Would you reproduce the whole listing exactly, dropping any pictures it holds?

* [DATA BLOCK]:
____
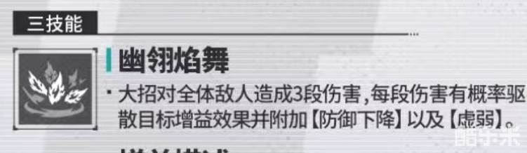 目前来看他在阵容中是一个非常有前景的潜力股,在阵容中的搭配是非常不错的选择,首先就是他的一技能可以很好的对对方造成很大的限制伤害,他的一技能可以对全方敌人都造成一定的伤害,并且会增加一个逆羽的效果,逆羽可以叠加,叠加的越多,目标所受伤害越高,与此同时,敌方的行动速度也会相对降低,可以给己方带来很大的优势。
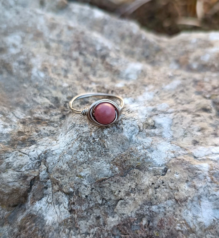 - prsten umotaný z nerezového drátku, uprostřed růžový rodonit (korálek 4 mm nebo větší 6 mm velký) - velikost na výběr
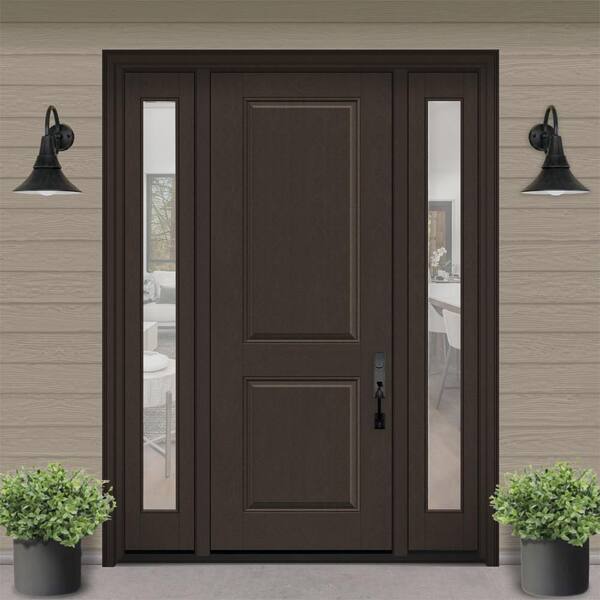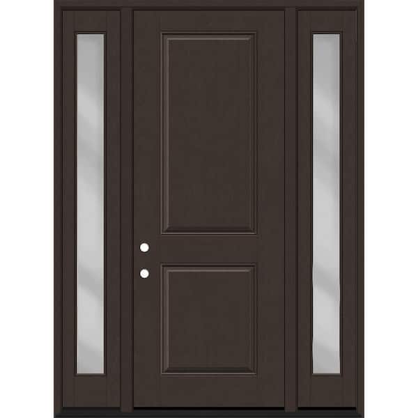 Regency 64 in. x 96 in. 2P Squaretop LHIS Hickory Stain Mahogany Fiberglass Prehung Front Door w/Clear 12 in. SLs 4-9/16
____
* [SOLUTION TO THIS EXERCISE]:
 目前来看他在阵容中是一个非常有前景的潜力股,在阵容中的搭配是非常不错的选择,首先就是他的一技能可以很好的对对方造成很大的限制伤害,他的一技能可以对全方敌人都造成一定的伤害,并且会增加一个逆羽的效果,逆羽可以叠加,叠加的越多,目标所受伤害越高,与此同时,敌方的行动速度也会相对降低,可以给己方带来很大的优势。
 - prsten umotaný z nerezového drátku, uprostřed růžový rodonit (korálek 4 mm nebo větší 6 mm velký) - velikost na výběr
 Regency 64 in. x 96 in. 2P Squaretop LHIS Hickory Stain Mahogany Fiberglass Prehung Front Door w/Clear 12 in. SLs 4-9/16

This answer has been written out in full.